*Instructions for the task*: Since the pictures are not wanted, retype the listing below exactly and without them.

*Provided material*:
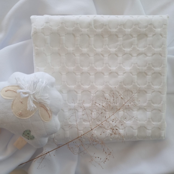 Confeccionada com um jacquard 100% algodão, ela é leve e dá um toque especial à cama dos bebês.
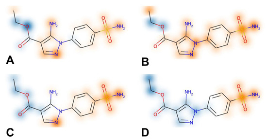 Results obtained from the SHAP analysis for compound 1 related to its prediction of activity against hCA II (A), I (B), IX (C), and XII (D). The orange-colored moieties indicate a positive impact on the prediction, whereas blue-colored moieties indicate a negative one.
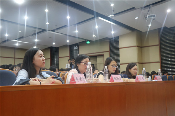 台上的选手激情澎湃地演讲,评委老师也在认真地记录选手的表现,十名参赛选手都完成了演讲后,进入了抽奖环节。接着,刘蕾老师上台对选手进行点评并在现场教导演讲技巧。最后,主持人宣布比赛结果:一等奖获得者是陈乐如,二等奖获得者是袁沛诗和姚紫珊,三等奖获得者是温红、周颖琪、钟思敏,优秀奖获得者是钟昱彬、熊云建、罗晓珊、何金桑。

*Reply*:
 Confeccionada com um jacquard 100% algodão, ela é leve e dá um toque especial à cama dos bebês.
 Results obtained from the SHAP analysis for compound 1 related to its prediction of activity against hCA II (A), I (B), IX (C), and XII (D). The orange-colored moieties indicate a positive impact on the prediction, whereas blue-colored moieties indicate a negative one.
 台上的选手激情澎湃地演讲,评委老师也在认真地记录选手的表现,十名参赛选手都完成了演讲后,进入了抽奖环节。接着,刘蕾老师上台对选手进行点评并在现场教导演讲技巧。最后,主持人宣布比赛结果:一等奖获得者是陈乐如,二等奖获得者是袁沛诗和姚紫珊,三等奖获得者是温红、周颖琪、钟思敏,优秀奖获得者是钟昱彬、熊云建、罗晓珊、何金桑。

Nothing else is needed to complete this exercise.